A bluish-white, brittle metallic element. Antimony occurs in the ores stibnite, kermasite, tetrahedrite, livingstone, and jamisonite. It is mined in China, Mexico, Canada and Bolivia. Antimony, originally called stibium, was first described in 1450 by Tholde (Basil Valentine). As a metal, antimony is hard and shiny but neither malleable or ductile. Antimony does not tarnish in dry air and tarnishes slowly in moist air. Antimony is used in the manufacture of alloys, such as britannia metal and babbitt metal. It is also used for bullets, fireworks and as decorative metal coatings. Antimony has been found in trace amounts in ancient copper and lead alloys.

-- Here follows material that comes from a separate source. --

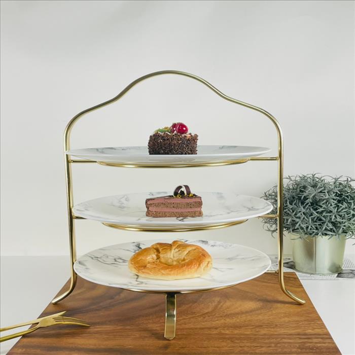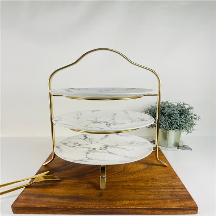 英式扁線三層下午茶架搭大理石紋盤/蛋糕架/點心架/下午茶架/(矮款)/亮金色

Pure antimony can be found in the metallic form and in two allotropic forms, as yellow crystals and as a black powder. The black powder, as well as the orange antimony sulfide, was occasionally used as a cosmetic in Egypt from the Amarna period onwards.

Stibnite

Synonyms and Related Terms

Sb; stibium; antimoon (Ned.); antimoine (Fr.); Antimon (Ces., Deut., Nor., Sven.); antimonio (It., Esp.); Antimônio (Port.); antimony black; antimony regulus; CI 77050

Other Properties

Flame color is blue.

Soluble in aqua regia, nitric acid and hot concentrated sulfuric acid. Insoluble in cold, dilute acids.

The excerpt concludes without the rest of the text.